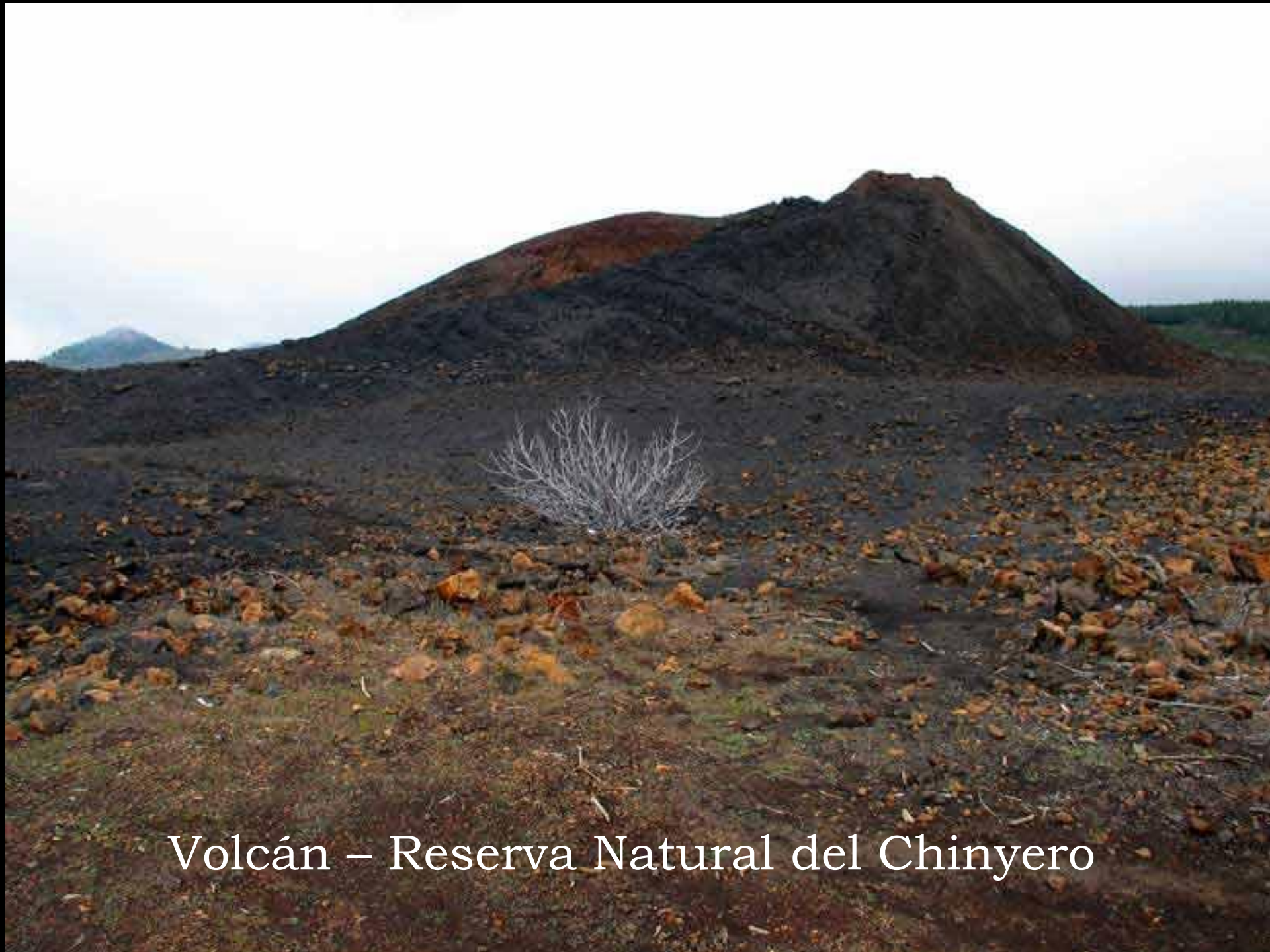
Volcán – Reserva Natural del Chinyero
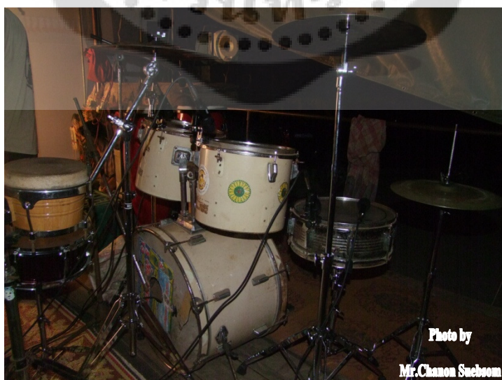
ภาพประกอบ 46 กลองชุด
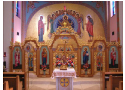
St. Nicholas Ukrainian Catholic Church, Philadelphia, PA
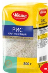
Рис круглозерный УВЕЛКА , Краснодарский, 800 г
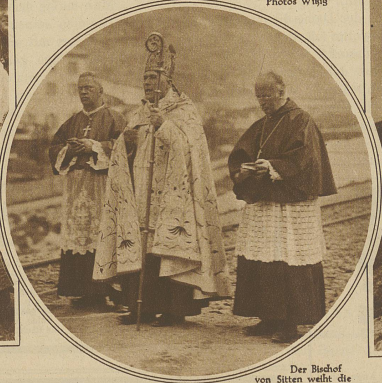
Der Bischof von Sitten weiht die Bahn auf der Station Gletsch
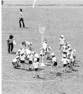
コリヤア難しいぞ!
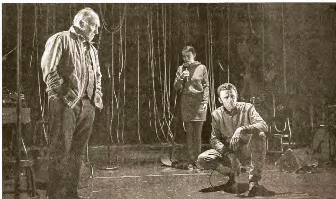
Un passionnant récit sans aucun temps mort.

Lune jaune n'est pas « jouée » mais « contée » par le chassé-croisé d'un récit haletant : les répliques et la musique sonnent à la manière d'un polar radiophonique. C'est vif, rythmé, mélange de poésie et de violence. Les rôles sont interchangeable, les répliques se succèdent avec ou sans micro, les silences sont habités comme jamais, si bien que le spectateur se sent pris dans la nasse d'un récit sans aucun temps
------
What you give back must be exactly the lines from the opening line of the entries through the line holding "Un passionnant récit sans aucun temps mort.", with no pictures.

Volcán – Reserva Natural del Chinyero
ภาพประกอบ 46 กลองชุด
St. Nicholas Ukrainian Catholic Church, Philadelphia, PA
Рис круглозерный УВЕЛКА , Краснодарский, 800 г
Der Bischof von Sitten weiht die Bahn auf der Station Gletsch
コリヤア難しいぞ!
Un passionnant récit sans aucun temps mort.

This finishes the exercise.